North Korean operatives working from China’s territory mimic the proper Chinese operations that mimic Kimsky’s techniques, or collaborative efforts to leverage Chinese resources for North Korea’s intelligence research
As North Korean cyber actors are frequently stationed in China and Russia, as observed in the case of Remote Information Technology (IT) workers fraud schemes, Trelix has centrally stated that the operators are either run from China or are culturally Chinese.
“It is likely that the use of South Korea’s services and infrastructure was intended to blend into the Korean network,” Trellix said. “To operate from the IP spaces in China and Russia while targeting South Korea is a Kimsky characteristic known to use Korean services to legally obscur traffic.”
N.Korean IT workers are permeated by 100 companies
The disclosure comes as CrowdStrike revealed that it has identified more than 320 incidents in the last 12 months. There, North Koreans infiltrating remote IT workers infiltrated the companies to generate illegal revenue for the administration, a 220% jump from last year.
Tracked as well as the famous Cholima and Jasper, IT Worker Schemes are thought to use Generated Artificial Intelligence (Genai) Coding Assistants such as Microsoft Copilot, VScodium and Translation Tools to help with daily tasks and respond to instant messages and emails. You could also do three or four jobs at the same time.

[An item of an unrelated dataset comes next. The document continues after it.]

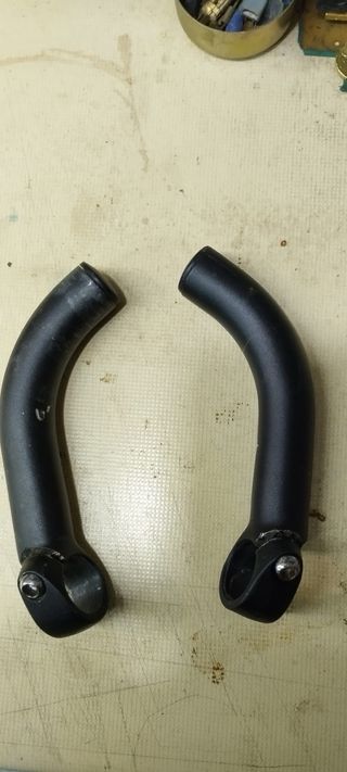 Cuernos para manillar de bicicleta de montaña de la marca Bontrager. Fabricados en aluminio negro. - Diseño ergonómico. - Logotipo de Bontrager visible.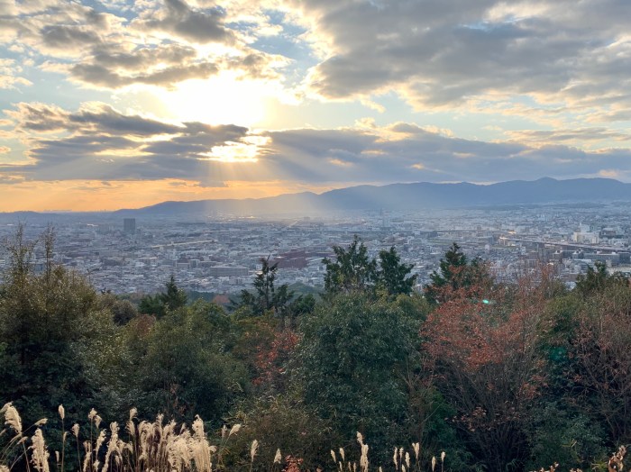 And a rather special view over Kyoto. (Play sunlight shining through clouds music.)

Key components of these businesses include recruiting people to run laptop farms, including corporate laptop racks that use tools that make it physically located in the country where the company is based, to remotely use their work.
“The well-known chollima IT workers use genai to create attractive resumes for businesses, use real-time deepfark technology to cover up their true identity in video interviews, and leverage AI code tools to help them with their job duties.
Additionally, the leak of 1,389 email addresses linked to IT workers revealed that 29 of 63 unique email service providers are online tools, allowing users to create temporary or disposable email addresses and create six other email addresses. Almost 89% of email addresses are Gmail accounts.
“All Gmail accounts are guarded using Google Authenticator, 2FA, and Recovery Backup Mail,” said security researcher Rakesh Krishnan. “Many usernames include terms like developer, code, coder, technology, software, and more, indicating the focus of technology or programming.”
Some of these email addresses exist in the AI photo editing tool cutout.pro user database leak, suggesting the potential use of using the software to modify images in software media profiles or identification documents.